→ WORK REQUEST
Retype exactly what appears below from the line containing "ASOS DESIGN - Sort" down to the line containing "W miejscowości Stary", keeping both end lines. Do not include pictures.

→ DATA PROVIDED
*** Block opens ***
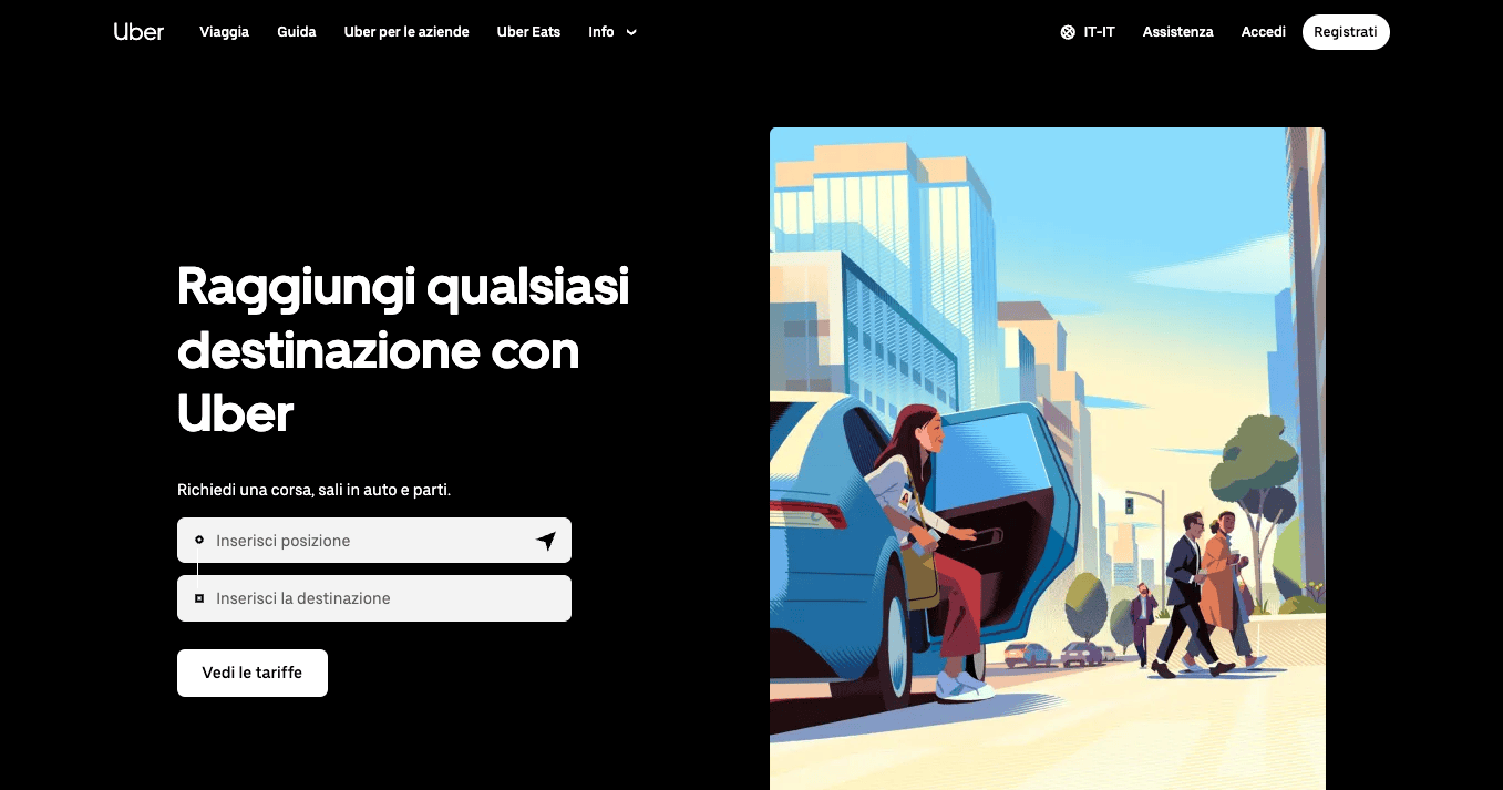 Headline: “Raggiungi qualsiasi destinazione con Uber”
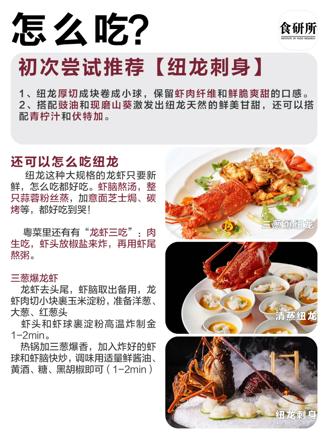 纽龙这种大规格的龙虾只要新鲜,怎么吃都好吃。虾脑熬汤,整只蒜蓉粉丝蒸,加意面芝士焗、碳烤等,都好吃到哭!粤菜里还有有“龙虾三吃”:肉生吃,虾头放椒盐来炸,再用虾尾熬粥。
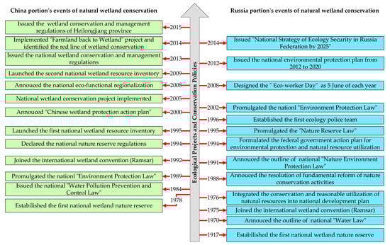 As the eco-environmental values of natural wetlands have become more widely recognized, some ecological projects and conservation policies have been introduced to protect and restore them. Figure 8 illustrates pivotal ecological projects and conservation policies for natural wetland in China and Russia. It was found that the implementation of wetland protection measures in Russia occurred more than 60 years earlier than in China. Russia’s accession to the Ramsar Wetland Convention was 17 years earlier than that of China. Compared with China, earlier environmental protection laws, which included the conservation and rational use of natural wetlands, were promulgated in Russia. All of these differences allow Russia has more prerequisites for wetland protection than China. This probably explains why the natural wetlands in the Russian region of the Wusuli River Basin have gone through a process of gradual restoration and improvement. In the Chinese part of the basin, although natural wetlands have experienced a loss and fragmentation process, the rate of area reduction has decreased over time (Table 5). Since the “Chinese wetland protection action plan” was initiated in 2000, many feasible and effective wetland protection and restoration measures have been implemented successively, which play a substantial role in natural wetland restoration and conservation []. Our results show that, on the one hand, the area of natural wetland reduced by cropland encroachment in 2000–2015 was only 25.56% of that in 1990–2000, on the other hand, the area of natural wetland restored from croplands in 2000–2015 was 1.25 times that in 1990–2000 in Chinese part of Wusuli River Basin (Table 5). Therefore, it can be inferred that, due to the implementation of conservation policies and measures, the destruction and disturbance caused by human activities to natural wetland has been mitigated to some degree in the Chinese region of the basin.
*** Block closes ***
*** Block opens ***
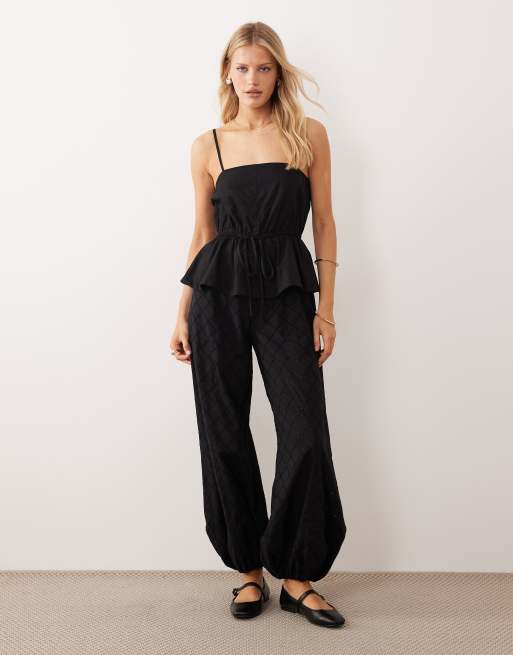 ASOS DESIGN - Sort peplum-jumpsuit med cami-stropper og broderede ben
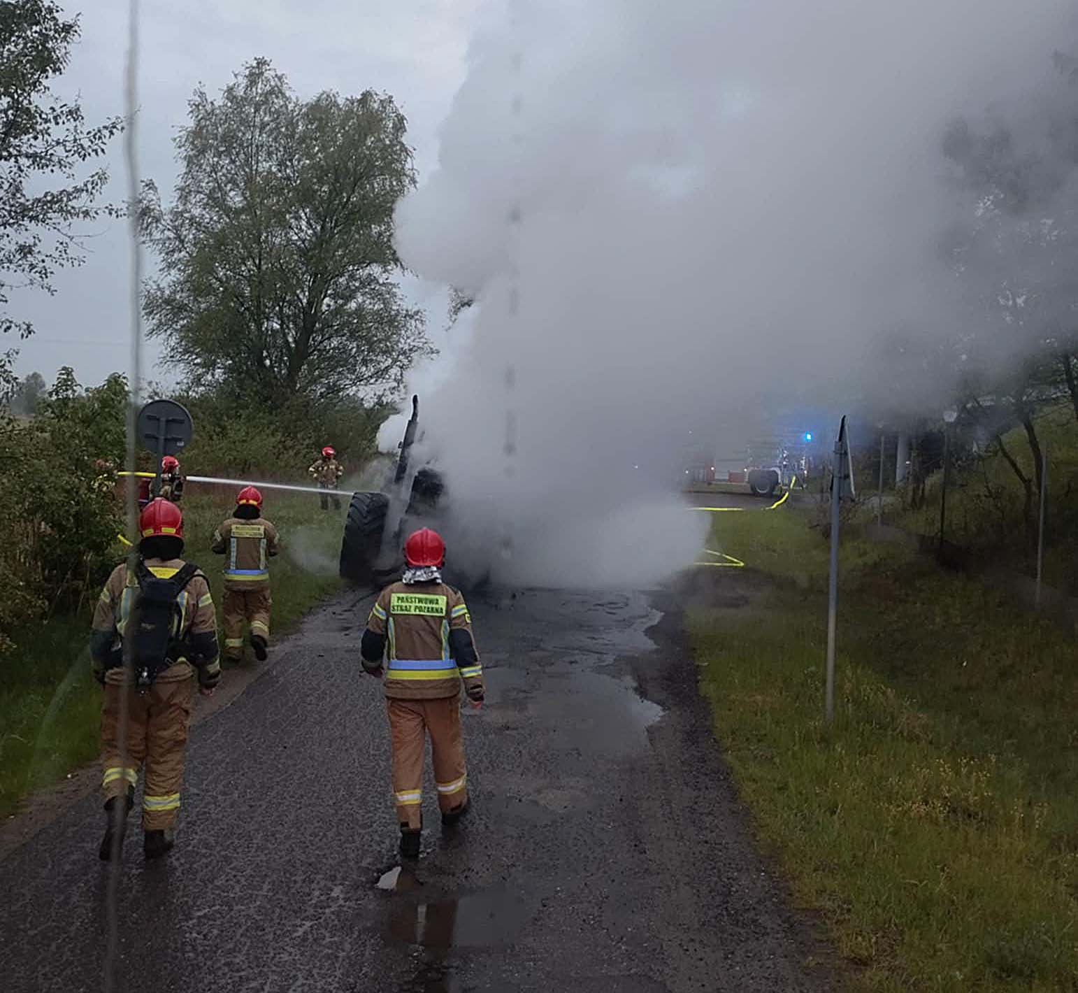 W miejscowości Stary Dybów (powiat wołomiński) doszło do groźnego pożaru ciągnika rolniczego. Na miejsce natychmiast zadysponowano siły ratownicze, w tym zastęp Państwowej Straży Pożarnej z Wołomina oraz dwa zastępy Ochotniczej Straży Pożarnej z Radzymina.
*** Block closes ***
→ YOUR SOLUTION
 ASOS DESIGN - Sort peplum-jumpsuit med cami-stropper og broderede ben
 W miejscowości Stary Dybów (powiat wołomiński) doszło do groźnego pożaru ciągnika rolniczego. Na miejsce natychmiast zadysponowano siły ratownicze, w tym zastęp Państwowej Straży Pożarnej z Wołomina oraz dwa zastępy Ochotniczej Straży Pożarnej z Radzymina.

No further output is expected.